__TO DO__: Print the data below exactly as it stands, and keep the pictures out.

__SOURCE DATA__:
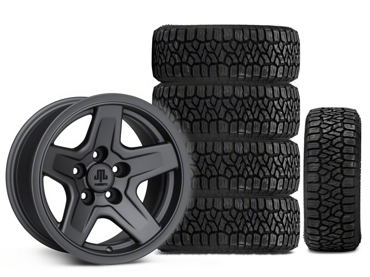 Mounted and Balanced Wheel and Tire Kit. This wheel and tire combo kit features (5) 15x8 Mammoth Boulder Charcoal Wheels and (5) Kenda KLEVER A/T2 KR628 33x12.50R15 tires that have been put together into an easy to buy kit that arrives to your door already mounted and balanced ready to be installed on your vehicle.
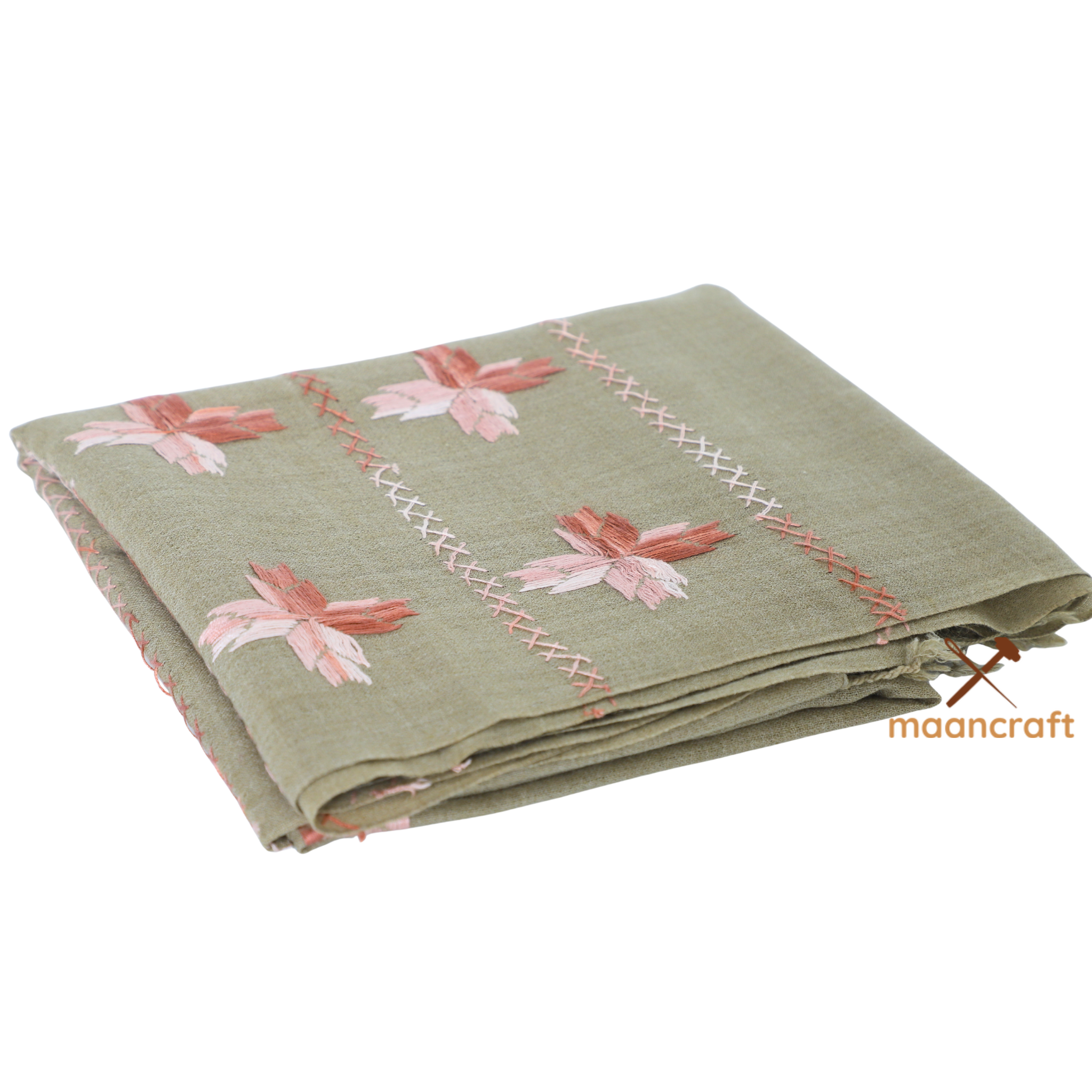 Swati shawl - Pistachio with hand embroidery
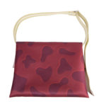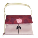 ワインベースにカウ柄を施した表に、クラックのかかったピンクベースと花の配色は大人カジュアルの仕上がりです。

__FINISHED EXERCISE__:
 Mounted and Balanced Wheel and Tire Kit. This wheel and tire combo kit features (5) 15x8 Mammoth Boulder Charcoal Wheels and (5) Kenda KLEVER A/T2 KR628 33x12.50R15 tires that have been put together into an easy to buy kit that arrives to your door already mounted and balanced ready to be installed on your vehicle.
 Swati shawl - Pistachio with hand embroidery
 ワインベースにカウ柄を施した表に、クラックのかかったピンクベースと花の配色は大人カジュアルの仕上がりです。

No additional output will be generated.